= Instructions for the task =
Pictures aside, the data must be reproduced exactly.

= Data shown =
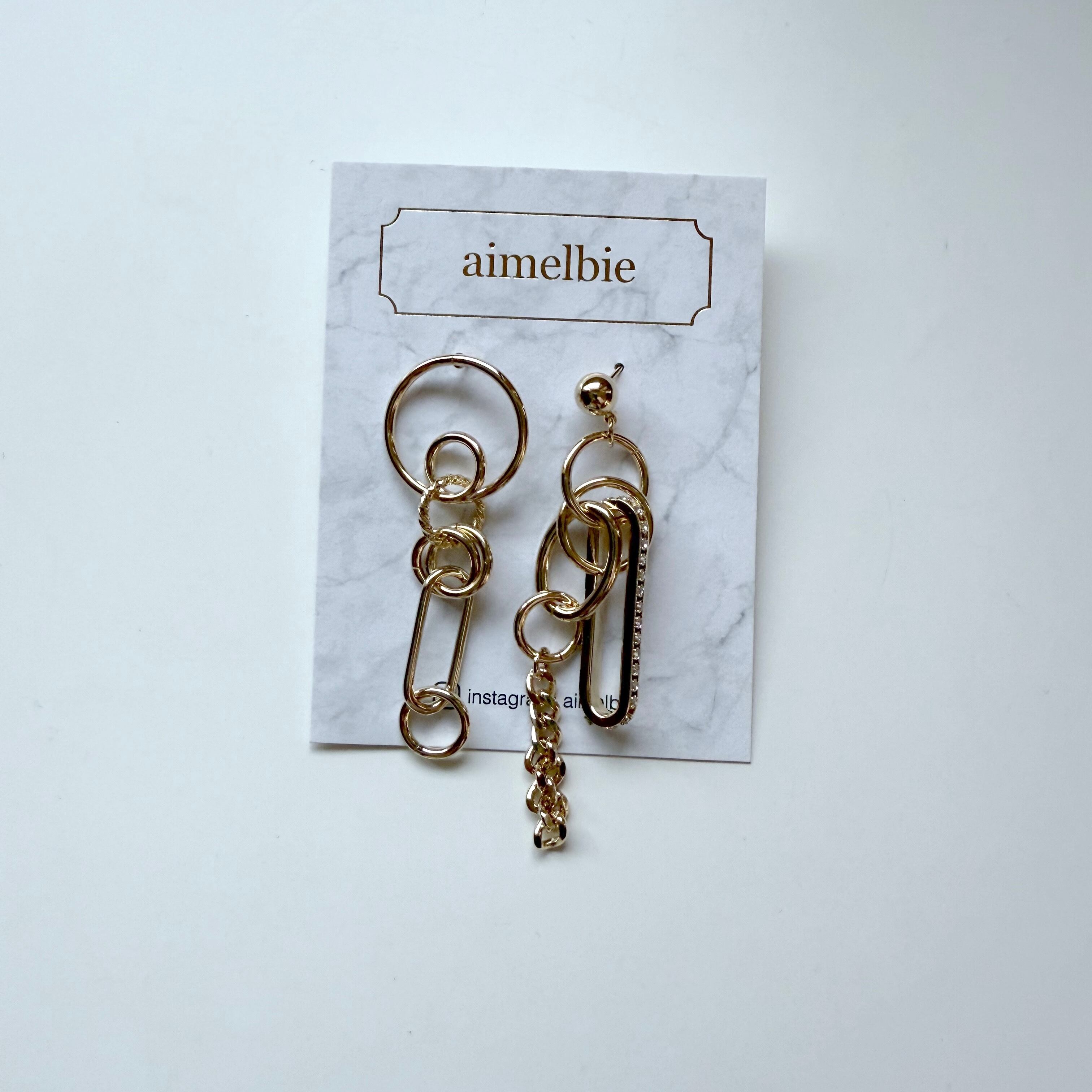 色々なパーツが付いた豪華なアシンメトリーピアス
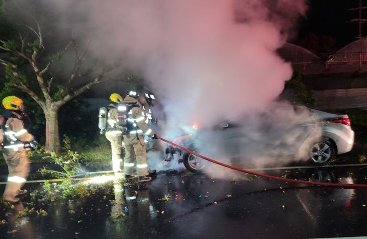 29일 새벽 서귀포시 강정동의 한 도로 화단 경계석을 들이받은 차량의 화재를 소방대원들이 진압하고 있다. 서귀포소방서 제공
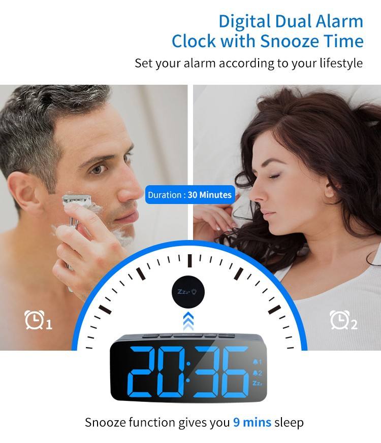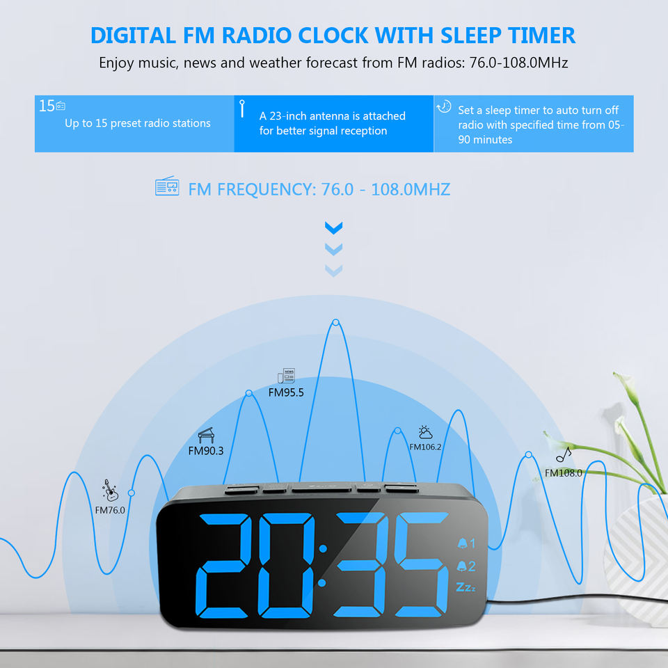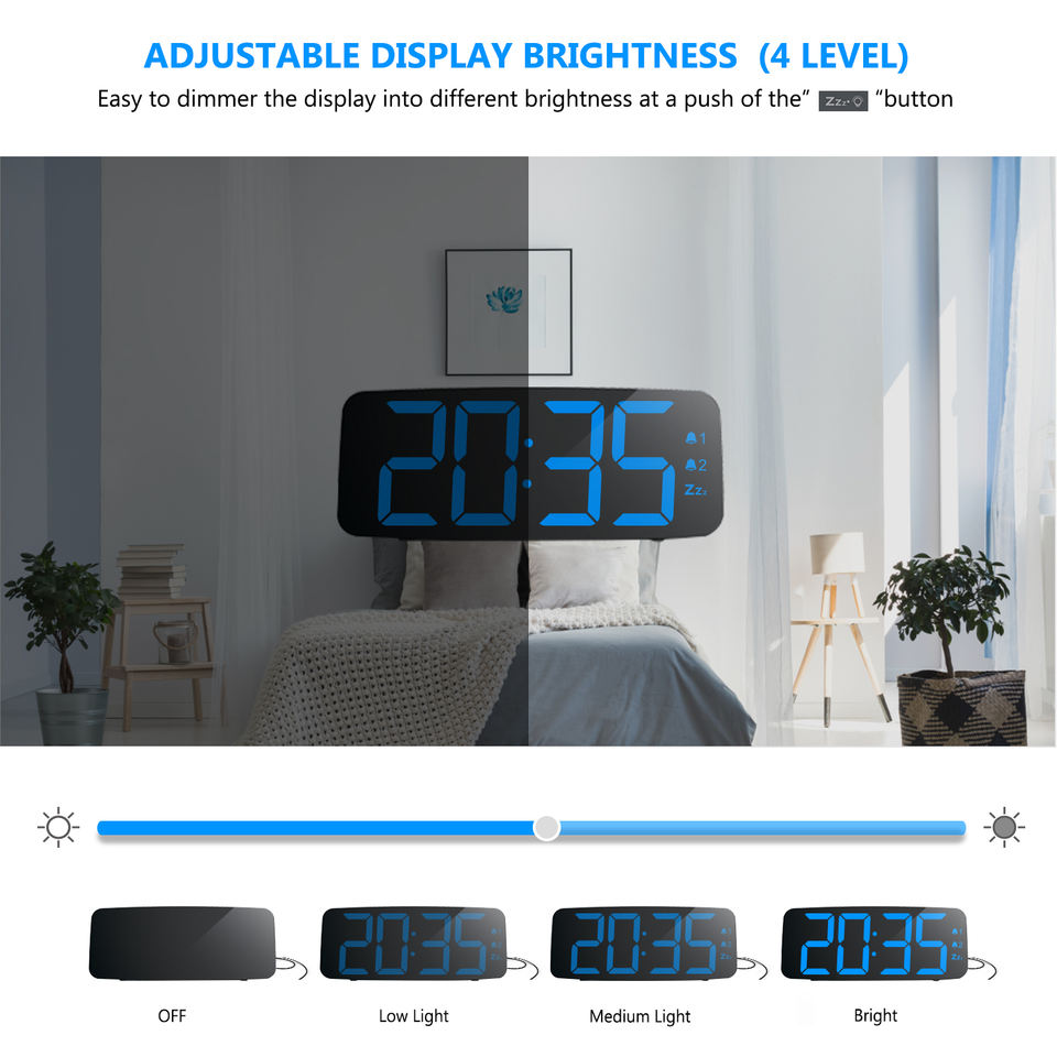 Orologio Digitale LED Radiocomandato con Grande Display Blu, Radio FM Portatile, Sei Livelli di Controllo Luminosità, Sveglia 155*42*52mm

= Exercise output =
 色々なパーツが付いた豪華なアシンメトリーピアス
 29일 새벽 서귀포시 강정동의 한 도로 화단 경계석을 들이받은 차량의 화재를 소방대원들이 진압하고 있다. 서귀포소방서 제공
 Orologio Digitale LED Radiocomandato con Grande Display Blu, Radio FM Portatile, Sei Livelli di Controllo Luminosità, Sveglia 155*42*52mm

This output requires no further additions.